- Born: Sanaa, Yemen
- Occupation: Photographer

= Bushra Al Fusail =

Yemeni photographer

Bushra Al Fusail is a Yemeni photographer and women's rights activist.

== Early and personal life ==
Al Fusail was born in Sanaa. She grew up in Portland, Oregon until she was 12, when she, her sister, and her parents moved back to Yemen. After Al Fusail graduated high school, she attended university while working at a film production company.

While living in Yemen, Al Fusail was part of the minority of women who did not wear niqab.

In the late 2010s, after completing a work project in Jordan, Al Fusail was unable to return to Yemen and applied for asylum in the United States. As of 2021, Al Fusail lived in New York City.

== Activism ==
Al Fusail began organizing women's bike rides in 2015. On social media, she organized the #BikeForYemen campaign, in which she called for women to ride bicycles in Sanaa as a form of protest "against the ongoing conflict, the Saudi led coalition’s blockade... and patriarchal structures that have long marginalized Yemeni women and limited their rights". The campaign had limited turnout, with four women coming to ride bikes, and ten women coming to offer moral support. However, when photos of the event were shared online, they garnered a number of negative comments.

In 2022, she used Facebook to organize a second women's bike ride in Sanaa.

== Art ==
Al Fusail is an artist and photographer. She has undertaken public arts projects in Yemen, such as constructing a wall mosaic from shattered glass caused by an explosion. She is a co-founder of FRAME Yemen, a branch of FRAME.life, which "aims to mobilize citizens to document their community through art". Al Fusail is also an organizer of Everyday Yemen, a Facebook group for sharing street photography taken in the country.

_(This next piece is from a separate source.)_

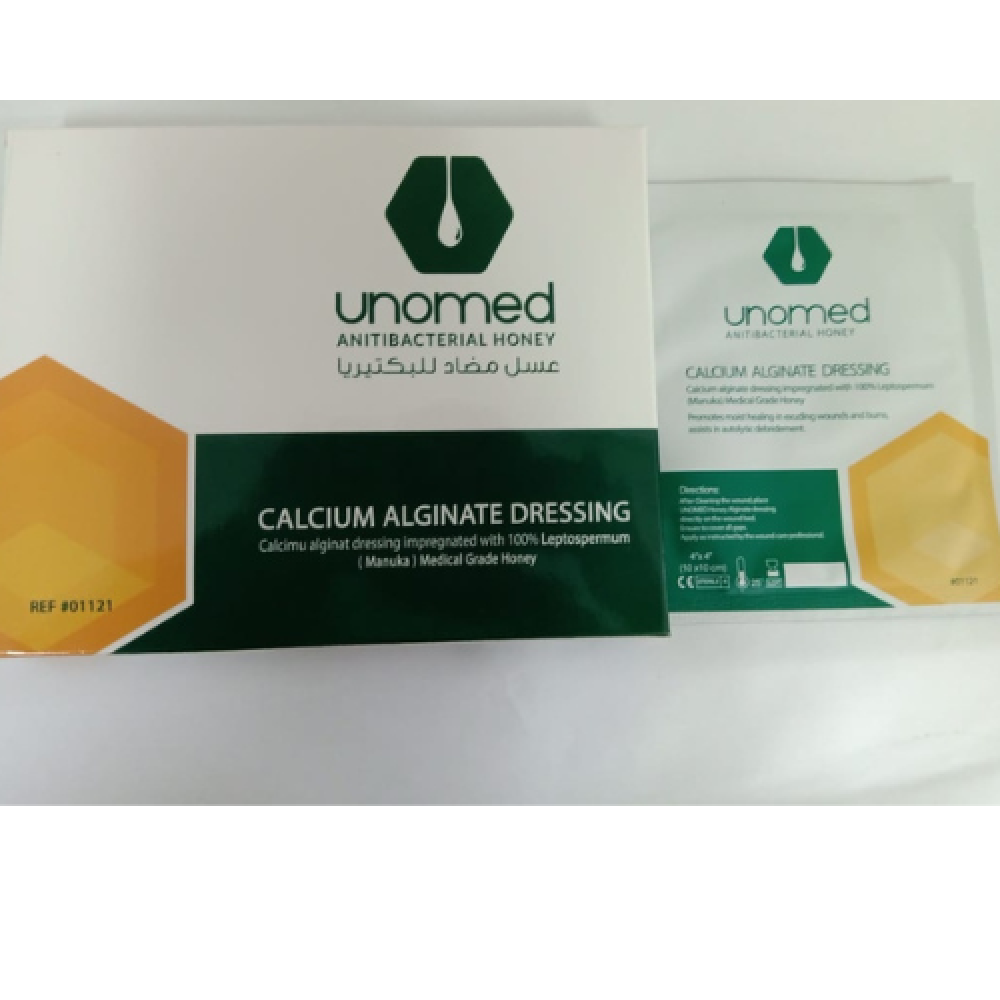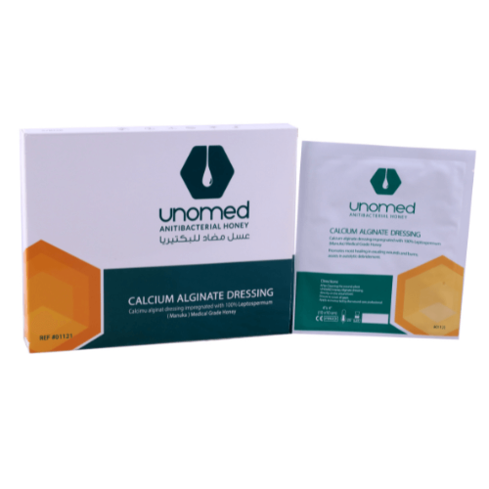 ألياف الكالسيوم الألجينات الموجودة في أونومد ضماد العسل للجروح والحروق تمتص السوائل الزائدة من الجرح، مما يساعد على منع العدوى وتعزيز التئام الجروح.

Al Fusail took up photography after high school, and is essentially self-taught. Although her parents initially disapproved, their attitudes changed after 2011. Her photography tends to focus on Yemeni women. Her first exhibit, 10 kg of Justice, addressed the issue of women not receiving their full inheritance. In November and December 2012, Al Fusail exhibited her photography at the Spanish Embassy in Sanaa. For International Women's Day in 2015, Al Fusail was a co-organizer of an exhibition of women's photography at a cafe; her work was also included in the exhibition. She has also exhibited in Sanaa's German House, and had her work shown in Europe.